On World Refugee Day, June 20, the world turns its focus on the growing plight of refugees and displaced persons. More than 65 million individuals around the world today have been forced to flee their homes due to conflict and violence, and while many individuals and organizations hope to provide aid and relief through food, shelter, and medicine, a crucial resource is often overlooked – safe and reliable energy, light, and fuel for cooking.

Last month, the United Nations Foundation organized a webinar on “Decentralized Energy Solutions Focusing on Lighting and Powering in Humanitarian Settings,” in collaboration with the Clean Energy Solutions Center. The webinar featured a panel including the Global Alliance for Clean Cookstoves and the UN Refugee Agency (UNHCR), both members of the Safe Access to Fuel and Energy (SAFE) Humanitarian Working Group, along with the UN Foundation’s Energy, Climate, and Environment department. The private sector perspective was represented by Schneider Electric and Little Sun, both long-term members of the Foundation’s Energy Access Practitioner Network.

Here are four key takeaways from the presentations and moderated discussion.

Mind the energy gap: While the number and type of actors who are promoting safe access to fuel and energy (SAFE) practices in humanitarian settings has increased in the past decade, energy is currently not recognized as a formal part of humanitarian aid in the UN cluster system managed by the UN Office for the Coordination of Humanitarian Affairs (OCHA).

Similarly, while the needs of refugees and migrants are covered across multiple Sustainable Development Goals (SDGs), these populations are not specifically referenced in SDG7 – “sustainable and modern energy for all.” And the UN Agenda for Humanity lacks specific goals on energy access.

Meanwhile, according to a Chatham House Report, an estimated 89% of refugees in camps lack access to a reliable and modern energy source for lighting. Energy must be formally recognized as a priority at these policy levels to support meaningful, large-scale interventions in the field.

Planning short vs. long term: In humanitarian crises, immediate needs often limit practitioners’ ability to plan for the long term, but this approach is increasingly inefficient in a world where many refugees are living in camps for several years.

Short-term planning and budgeting cycles limit opportunities for energy solutions that require long-term planning and investments (e.g. solar PV systems compared to generators), especially where the financial break-even point may not manifest until a few years after installation. While solar lanterns can and have been added to non-food relief items kits, planning more extensive energy services to significantly improve quality of life, as well as to enable energy-dependent business opportunities, requires a long-term view for all actors involved, including donors, host communities, and host governments.
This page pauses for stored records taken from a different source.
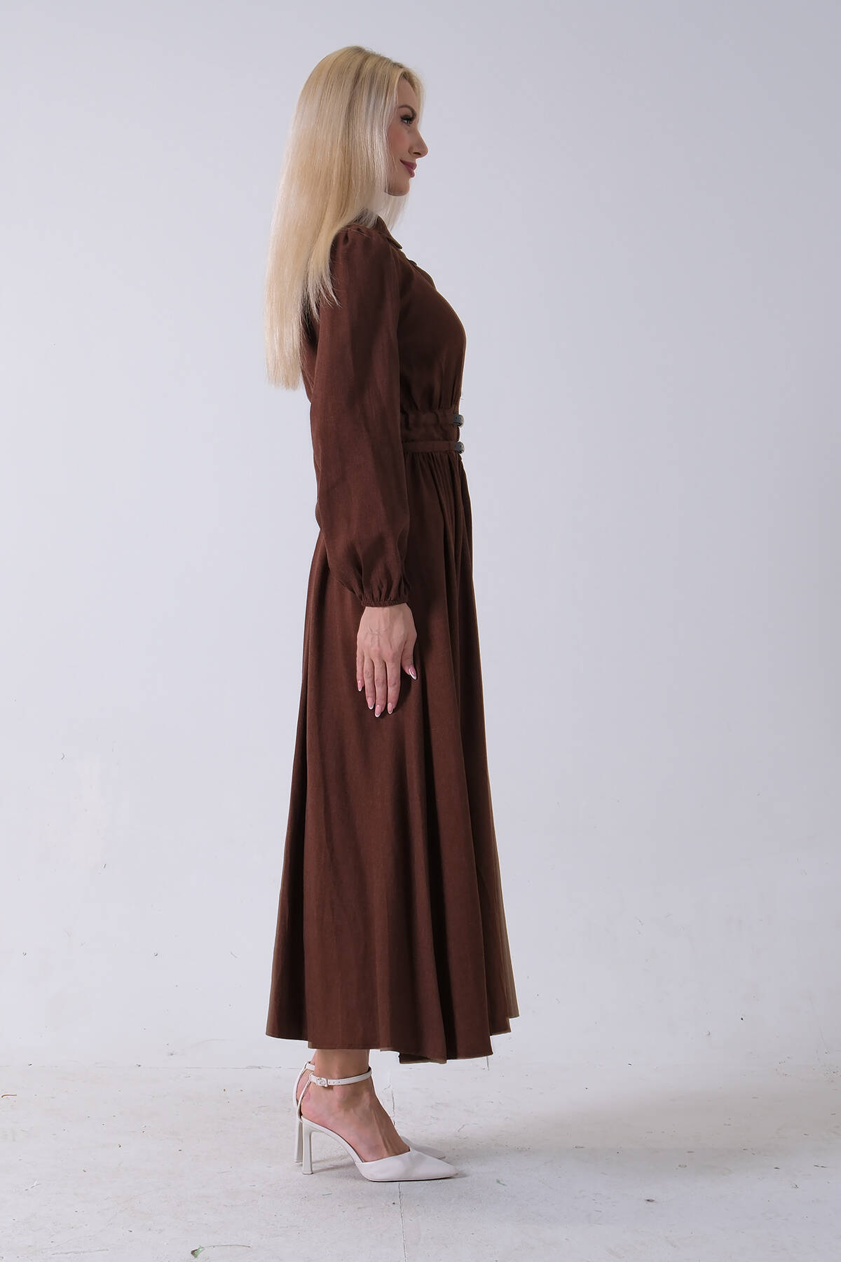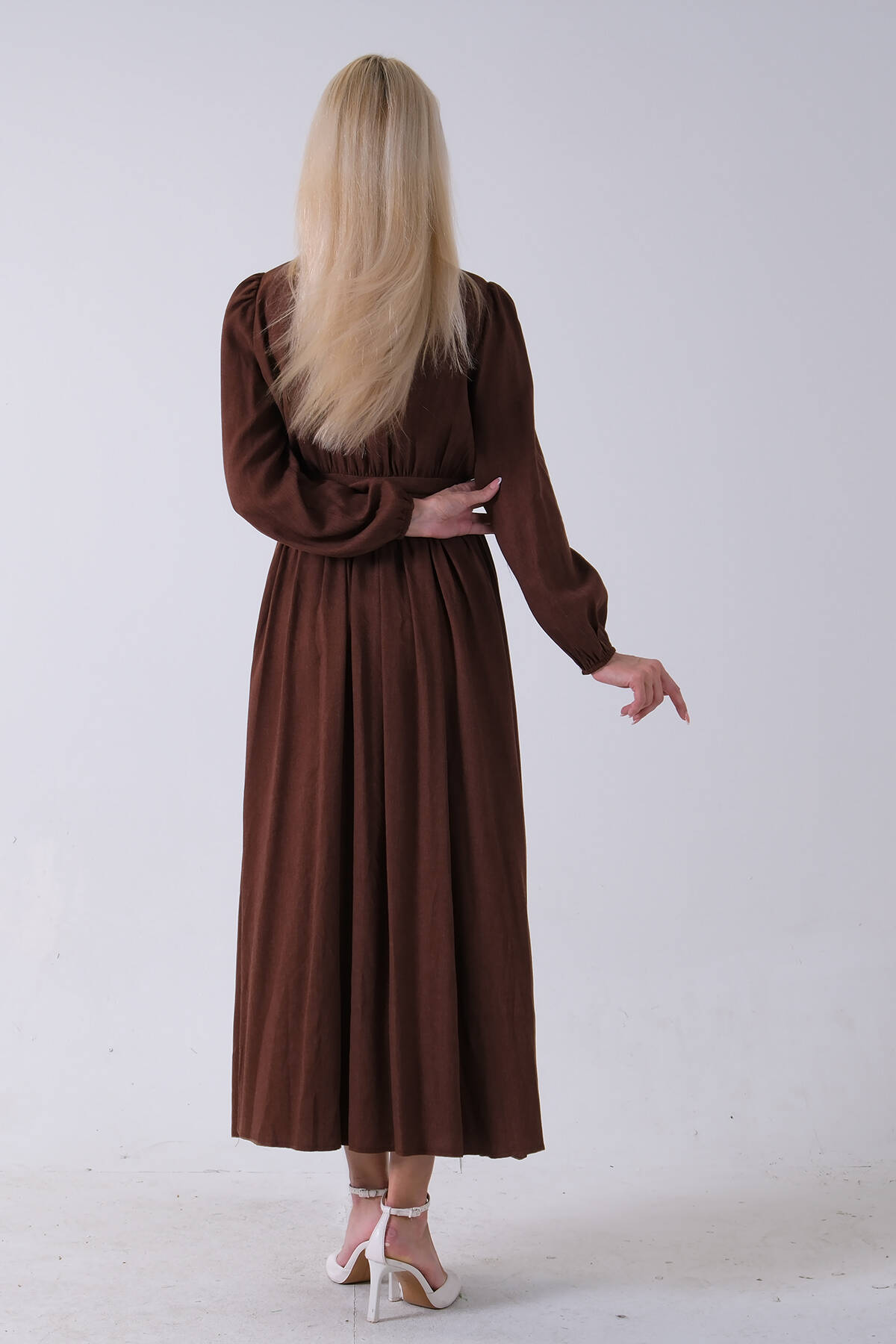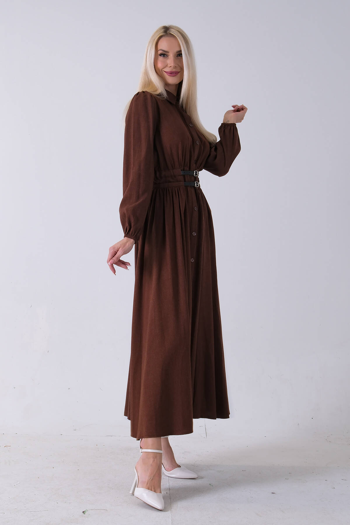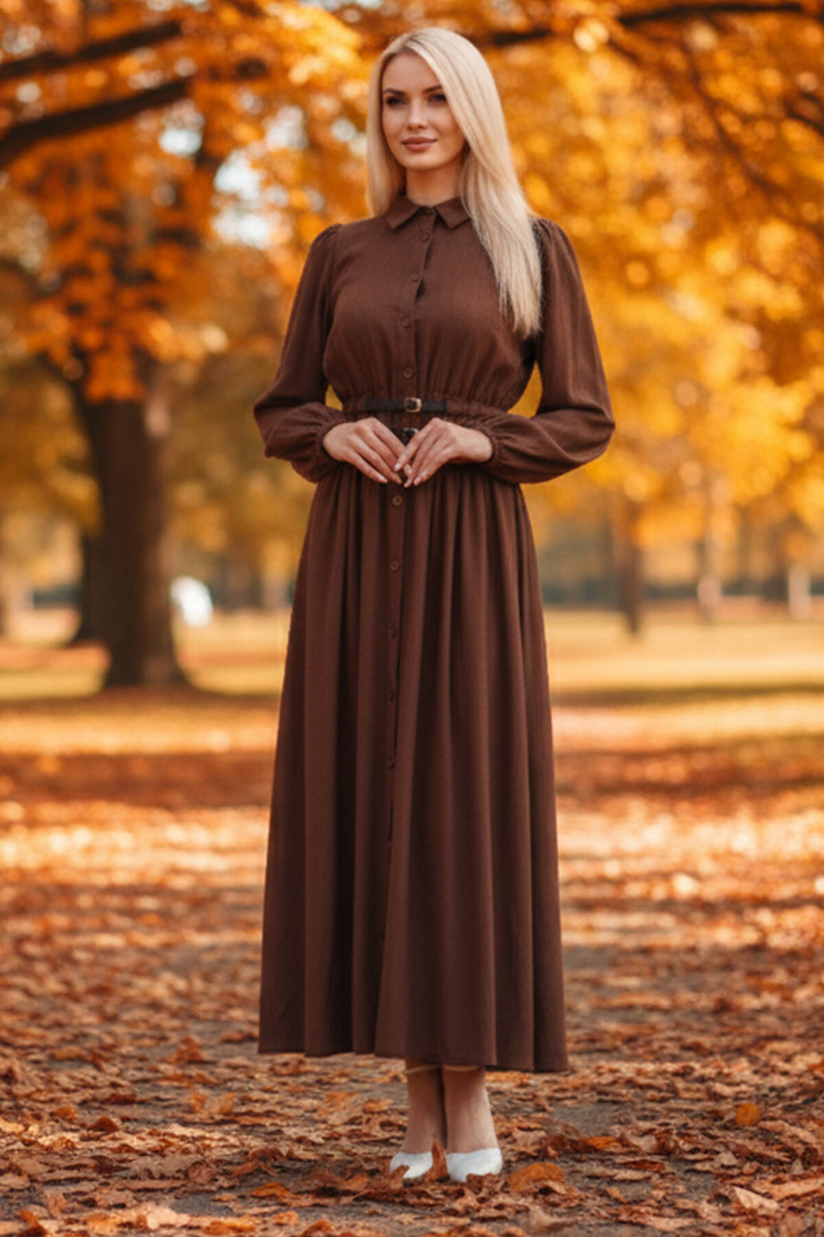 Kahve Boydan Düğme Kapamalı Bileği Lastikli Beli Kemerli Elbise 4593459.05
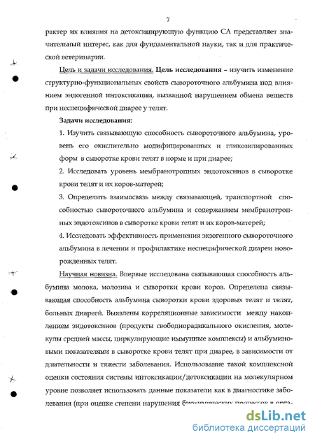 Цель и задачи исследования. Цель исследования - изучить изменение структурно-фушщионалъных свойств сывороточного альбумина под влиянием эндогенной интоксикации, вызванной нарушением обмена веществ при неспецифической диарее у телят.
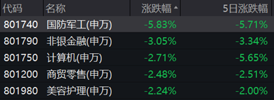 市场全天震荡分化,沪深两市全天成交额2.36万亿,较上个交易日缩量5109亿。截至收盘,沪指跌1.16%,深成指跌0.65%,创业板指涨0.95%。军工板块收跌。
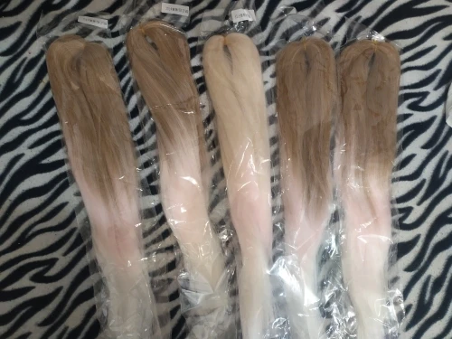 Удлиненный розовый цвет очень красивый. Цвет блонд 613 ниже пепельно и темнее, чем должно быть, я ожидал более четко. Придайте маленьким волосам сравнение с другими, которые я заказал в других магазинах, около 60 gms. Пары не попадают на кончик. Они чаты. Доставка была очень быстрой 17 дней. Я рекомендую продавцу, очень внимательный.
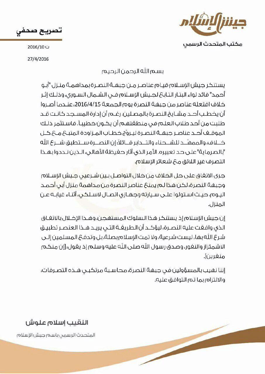 جيش الإسلام يدين مداهمة جبهة النصرة في الشمال لمنزل قائد لواء البتار التابع للجيش في الشمال السوري
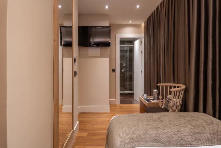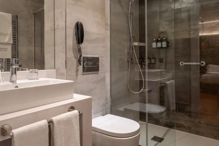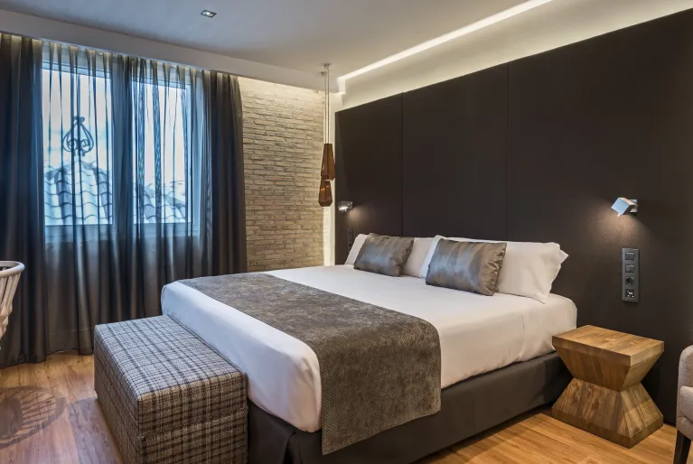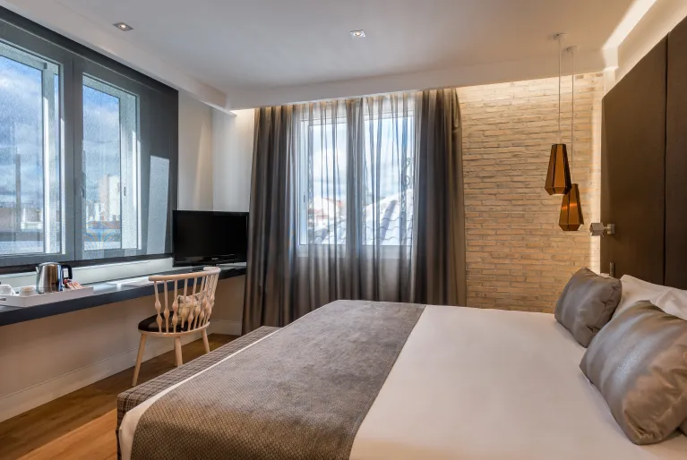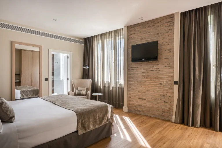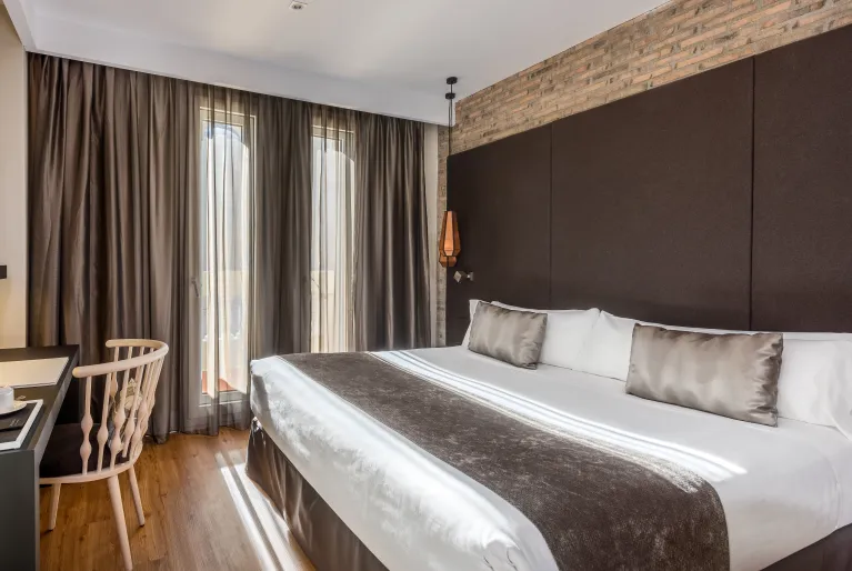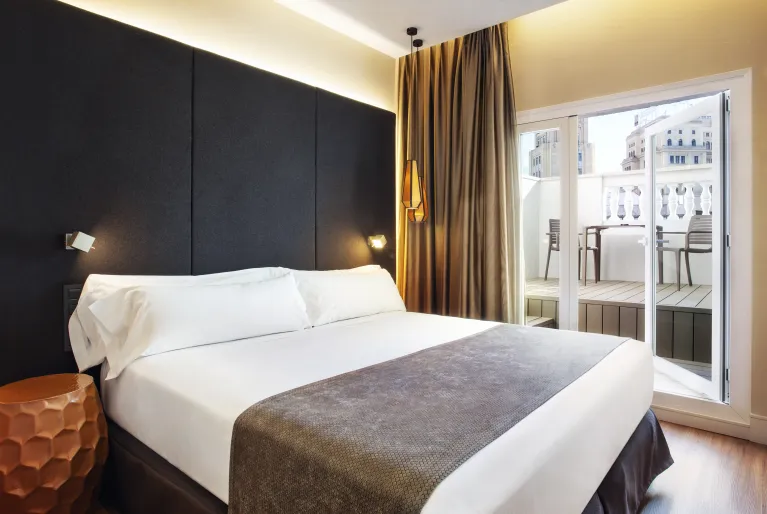 Kies uit de meer dan 180 kamers van hotel Catalonia Gran Vía Madrid, allemaal gerenoveerd en warm ingericht in hout- en beigetinten die u uitnodigen om te ontspannen en tot rust te komen. Sommige vallen op door hun terrassen met uitzicht op de Gran Vía, andere door hun eigen buitenjacuzzi. Een speciale vermelding verdient onze spectaculaire terrassuite met jacuzzi, die beschikt over een aparte woon- en slaapkamer en een luxe uitzicht over de stad.
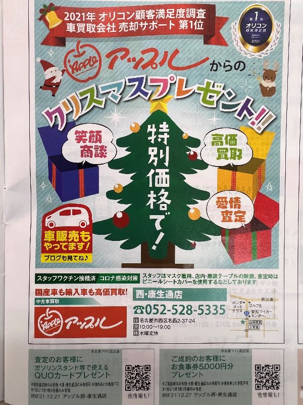 お車のご相談・ 査定だけでもOK! カンタン 入力 30秒 アップルがブランド買取始めました! お電話でも受付中! 受付時間 10:00 ~ 19:00 052-528-5335 お車のご相談・ 査定だけでもOK! カンタン 入力 30秒 アップルがブランド買取始めました! お電話でも受付中! 受付時間 10:00 ~ 19:00 052-528-5335 アップルがブランド買取始めました! お電話でも受付中! 受付時間 10:00 ~ 19:00 052-528-5335 店舗情報 在庫車 スタッフ紹介 ブログ お客様の声 キャンペーン お得 無料査定 click [ 未分類 ] 2021/11/27 (土) 11:12 ☆大変お得な情報です☆ 皆様こんにちは☆ アップル西・康生通店の岩田です♪ 最近朝がとても寒くて 布団から中々出られない日々が続いています(;´・ω・) 寒いと動きが鈍りますが 暑がりなワタクシは暑い方が鈍くなるので 着こめば暖かい冬の方がまだマシと思います(`・ω・´) さて、今回はアップル西・康生通店から 大変お得な情報がございます! 11月25日発刊の「名古屋フリモ西区版12月号」に アップル西・康生通店が掲載されております(=゚ω゚)ノ こちら西区に在住の方に無料で配達されております! そしてアップル西・康生通店が 掲載されている場所を探してみてください! 忙しい方には教えます …14ページの左下に掲載されております… そして下の方をご覧ください! こちらには当店でのみ使える 大変お得なクーポンがございます(´っ・ω・)っ フリモご持参の上で 無料の査定をさせて頂いたお客様に QUOカードをプレゼント致します! 更にご成約して頂いたお客様には お食事券5,000円分をプレゼント! どちらの期限も2021/12/27になります。 査定は無料! お待ちの間はHOT/ICEのドリンクや 雑誌、新聞などもご用意しております! お気軽にお越しください(=゚ω゚)ノ 最後まで読んでいただきありがとうございます! 2021-11-27 11:12:15 新しい記事へ 古い記事へ 最新記事 臨時休業のご案内おかげさまで23周年★当店限定キャンペーン第二弾!ご納車パート2☆ご納車♪ 店舗情報に戻る 月別アーカイブ 2026年04月(4)2026年03月(4)2026年02月(6)2026年01月(7)2025年12月(10)2025年11月(11)2025年10月(5)2025年09月(10)2025年08月(10)2025年07月(9)2025年06月(9)2025年05月(9)2025年04月(8)2025年03月(7)2025年02月(9)2025年01月(6)2024年12月(8)2024年11月(5)2024年10月(8)2024年09月(6)2024年08月(8)2024年07月(15)2024年06月(11)2024年05月(9)2024年04月(9)2024年03月(5)2024年02月(4)2024年01月(6)2023年12月(5)2023年11月(6)2023年10月(8)2023年09月(6)2023年08月(9)2023年07月(5)2023年06月(8)2023年05月(7)2023年04月(7)2023年03月(6)2023年02月(4)2023年01月(11)2022年12月(13)2022年11月(9)2022年10月(9)2022年09月(12)2022年08月(9)2022年07月(15)2022年06月(12)2022年05月(9)2022年04月(17)2022年03月(12)2022年02月(9)2022年01月(12)2021年12月(14)2021年11月(16)2021年10月(21)2021年09月(20)2021年08月(18)2021年07月(22)2021年06月(19)2021年05月(11)2021年04月(9)2021年03月(4)2021年02月(2)2021年01月(4)2020年12月(2)2020年11月(5)2020年10月(7)2020年09月(8)2020年08月(12)2020年07月(8)2020年06月(13)2020年05月(14)2020年04月(12)2020年03月(11)2020年02月(6)2020年01月(7)2019年12月(6)2019年11月(3)2019年10月(3)2019年09月(4)2019年08月(7)2019年07月(9)2019年06月(11)2019年05月(13)2019年04月(10)2019年03月(5)2019年02月(6)2019年01月(1)2018年12月(8)2018年11月(4)2018年10月(4)2018年09月(12)2018年08月(15)2018年07月(13)2018年06月(7)2018年05月(7)2018年04月(7)2018年03月(3)2017年12月(1)2017年11月(3)2017年10月(6)2017年09月(5)2017年08月(5)2017年07月(3)2017年06月(2)2017年05月(2)2017年04月(4)2017年03月(3)2017年02月(4)2017年01月(6)2016年12月(6)2016年11月(5)2016年10月(6)2016年09月(6)2016年08月(11)2016年07月(5)2016年06月(5)2016年05月(5)2016年04月(6)2016年03月(5)2016年02月(4)2016年01月(6)2015年12月(5)2015年11月(4)2015年10月(5)2015年09月(4)2015年08月(6)2015年07月(5)2015年06月(5)2015年05月(4)2015年04月(4)2015年03月(4)2015年02月(5)2015年01月(4)2014年12月(7)2014年11月(7)2014年10月(7)2014年09月(5)2014年08月(8)2014年07月(8)2014年06月(11)2014年05月(8)2014年04月(5)2014年02月(1)2014年01月(1)2013年12月(2)2013年11月(2)2013年10月(1)2013年09月(1)
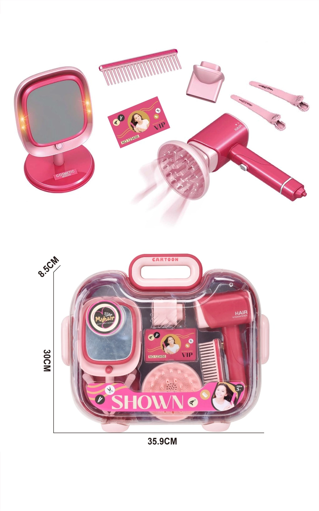 Kompletní sada pro malé kadeřnice nabídne vše pro kreativní hru – růžový fén se světelnými a zvukovými efekty, stojací zrcadlo s osvětlením a praktický kufřík na přenášení. Děti si vyzkouší roli kadeřnice, rozvíjí fantazii, jemnou motoriku i společenskou hru.
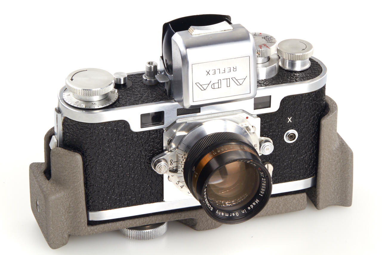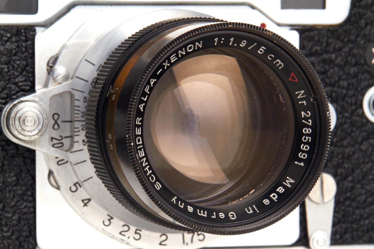 in amazing mint condition and perfect working order, rare late synchronized version (one of only 519 cameras produced), matching serial number in the back, with Schneider Alpa-Xenon 1.9/5cm no.2785991, tripod holder, front cap and Alpa Lenses brochure, a camera which is very hard to find in this condition!
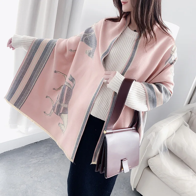 Special Offer Fashion Winter Scarf Women Cashmere Warm Pashmina Foulard Lady Luxury Horse Scarves Thick Soft Bufanda Shawls Wraps 2019 New Discount 30% Today!
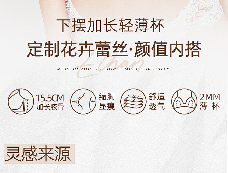 好奇蜜斯内衣女小胸聚拢显大无钢圈纯欲防下垂性感文胸罩套装薄款 伊琳娜
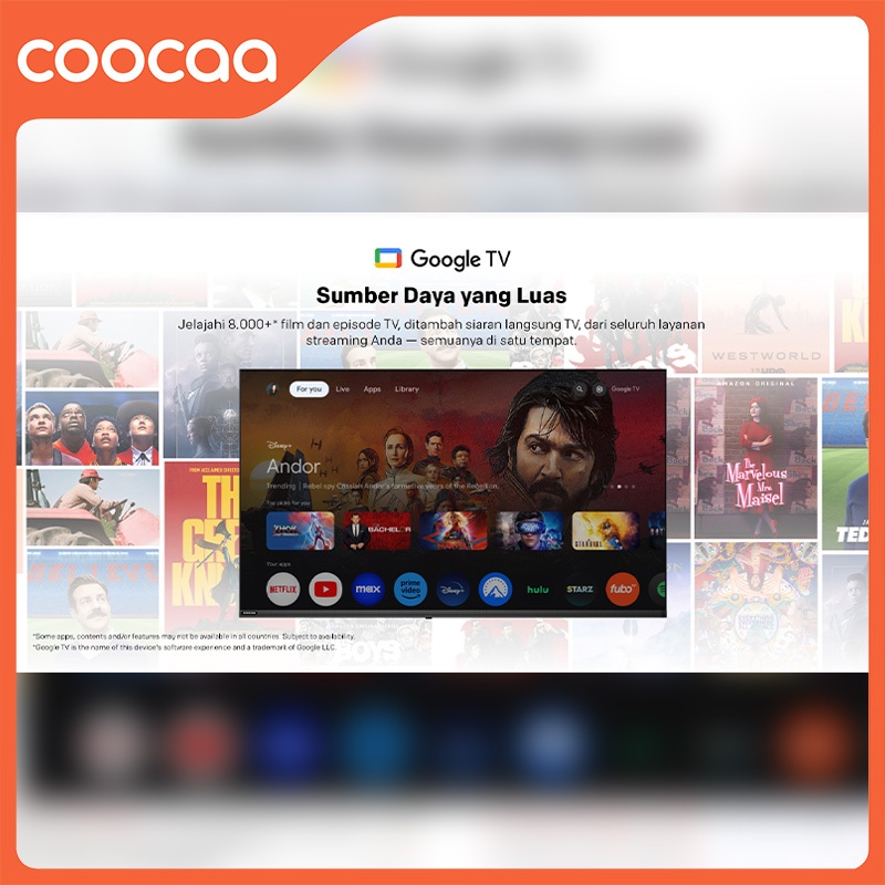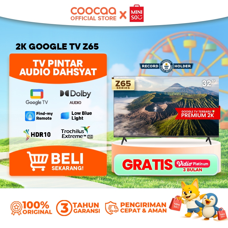 Tv Coocaa 32 Z65 Google Tv 2K Led Hdr 10 Flicker Low Blue Light Eye Care Wifi Usb Lan
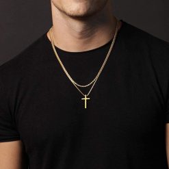 アネージュ クロス ネックレス メンズ レディース 人気 金属アレルギー対応 十字架 アクセサリー サージカルステンレス ベネチアチェーン50cmフリーアジャスター付き
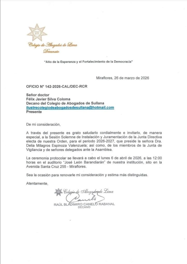 Un agradecimiento especial al Alcalde de Bellavista Sr. Hildebrando Crisanto Vilela por el apoyo recibido para la realización de la Revista Digital del Ilustre Colegio de Abogados de Sullana.

Show me the data: There is currently a dearth of data available that would help facilitate long-term planning. Studies looking at both the willingness and the ability of displaced people to pay for lighting or other energy services, as well as impact evaluations or assessments of needs for social infrastructure, such as health facilities and schools, would help bridge this gap.

Enter the private sector: To date, most of the energy products used in humanitarian settings are procured through competitive bidding procedures or are provided highly or fully subsidized based on a social motive (e.g. through corporate social responsibility). However, as more private sector actors enter the market, several initiatives are assessing market-based approaches to delivering energy products and services, including vouchers and cash transfers. This is further facilitated by technological advancements that improve the quality and lower the cost of products, most notably solar lanterns. While many barriers remain, the private sector is already playing a significant role in contributing expertise and skills to a market which is often under-resourced.

This webinar, part of EAPN’s series on best practices, hopes to inform audiences about the safe, reliable energy, cookstoves, and fuel that can help to power and empower the lives of refugees around the world. As we stand with refugees, let’s work to spur action and resources for their basic energy needs to light their homes, cook their food, and power their lives.